Posts Tagged ‘press coverage’

Be Amazing Learning client featured on ABC News

June 17, 2011

Be Amazing Learning client Sami Merit was featured on San Francisco Bay Area ABC 7 News, as part of a story that looked at Fast ForWord use at home and at an Oakland elementary school.

Hooray Sami!

What’s going on in there? A look inside the teenage brain

November 12, 2010

Research tells us that significant brain development occurs in the first few years of life: the brain reaches 95% of its adult size by age 6.
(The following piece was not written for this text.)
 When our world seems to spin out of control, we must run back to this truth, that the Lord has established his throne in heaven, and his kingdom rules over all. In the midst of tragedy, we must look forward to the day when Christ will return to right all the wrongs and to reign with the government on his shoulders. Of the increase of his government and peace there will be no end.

But recent brain studies show that significant brain development occurs around adolescence. Up to age 12, the brain is adding gray matter (or, to put it more technically, “cortical thickness” increases), at which point, gray matter begins to thin, as the brain prunes connections that developed in childhood, but are no longer deemed necessary.
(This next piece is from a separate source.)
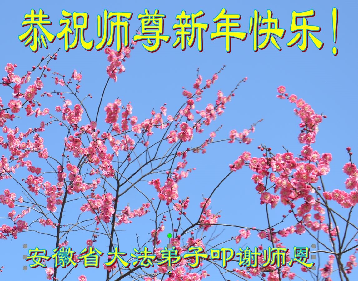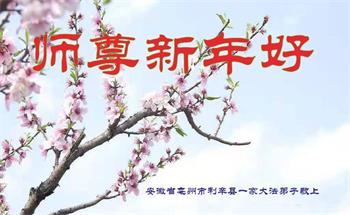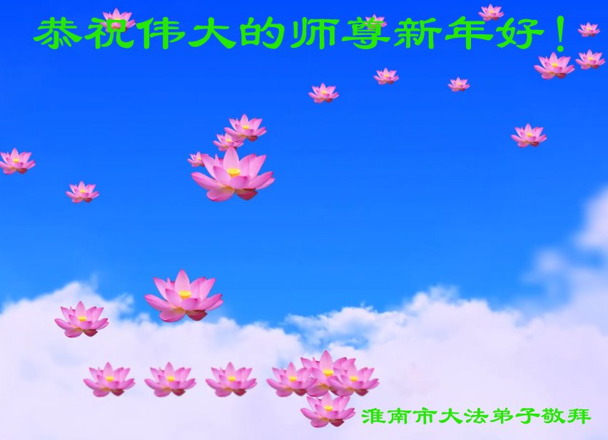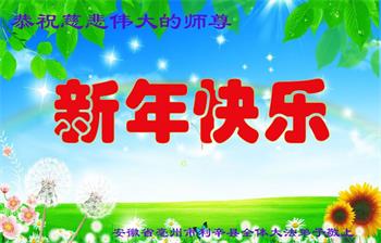 慈悲伟大的师尊您好!祝师尊新年快乐!祝师尊新年宽心放心!祝师尊早日与弟子团圆! 安徽省六安市全体大法弟子跪呈!双手合十敬上 安徽省淮北市全体大法弟子恭祝师尊新年快乐!

The PBS series Frontline recently dedicated a show to the teenage brain. The show’s Web site is loaded with content, including the transcript of interviews with several researchers who are looking at the development of the teenage brain. One in particular that caught our eye is with Dr. Jay Giedd, a neuroscientist at the National Institute of Mental Health. Dr. Giedd is focused on how to turn what we’re learning about the brain into practical advice for parents, teachers and teenagers. Now that we have established the concept of brain plasticity, says Giedd, researchers are turning to:

… the forces that can guide this plasticity. How do we optimize the brain’s ability to learn? Are schools doing a good job? Are we as parents doing a good job? And the challenge now is to … bridging the gap between neuroscience and practical advice for parents, teachers and society. We’re not there yet, but we’re closer than ever, and it’s really an exciting time in neuroscience.

At Be Amazing Learning, we regularly work with teenagers who themselves (or whose parents) are looking for solutions for their developing brains. In many cases, these teens have difficulty planning, organizing, and paying attention to and remembering details. Cogmed and Fast ForWord programs can be effective interventions for children and teens with these “executive function” deficits because they develop and strengthen the cognitive skills associated with successful executive function, including working memory, attention and processing rates.
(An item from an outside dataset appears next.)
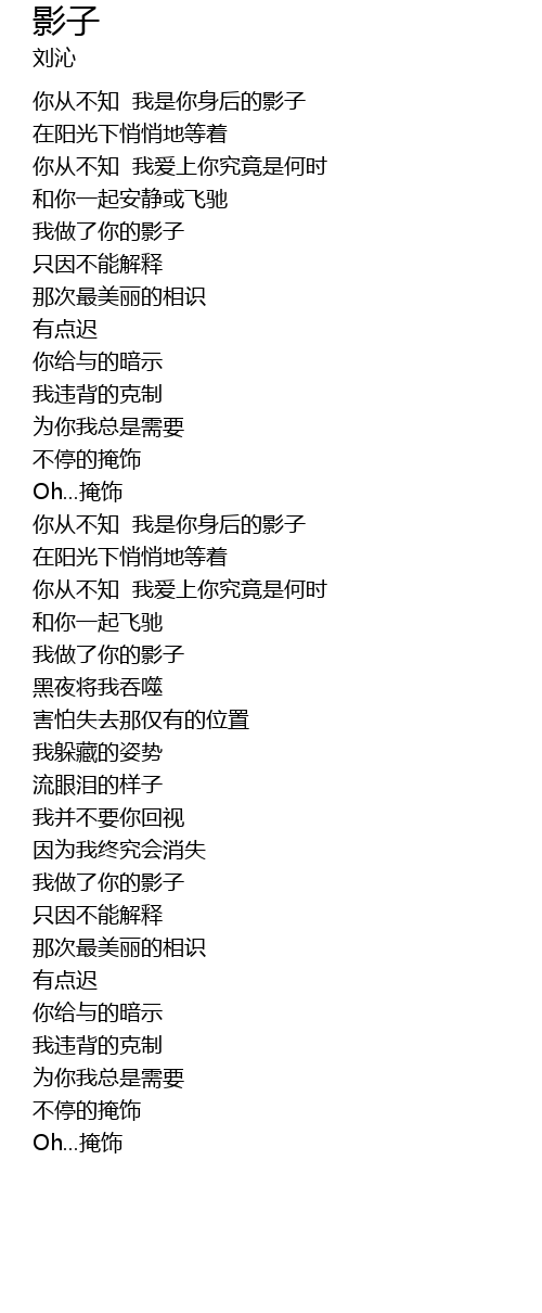 | [00:00.600] | 你从不知 我是你身后的影子 |

The Frontline series on the teenage brain is fantastic, and there’s a bunch of information available on the show Web site. We’ll be highlighting additional interviews in future posts.

Don’t Choke!

October 26, 2010

Remember President Obama’s inauguration, when Chief Justice John Roberts flubbed the oath of office? Sian Beilock, a psychologist at the University of Chicago, is pretty sure she knows what happened:

Pressure-filled situations can deplete a part of the brain’s processing power known as working memory, which is critical to everyday activities.

Specifically, Beilock says Roberts was probably overthinking his delivery, and should have just put the whole thing on autopilot.

Beilock is the author of Choke: What the Secrets of the Brain Reveal About Getting It Right When You Have To. A recent Chicago Tribune article highlights some of Beilock’s advice for preventing stress from interfering with brain processing, including the above-mentioned need to put things on autopilot, putting worries to paper, and practicing making a fool out of yourself.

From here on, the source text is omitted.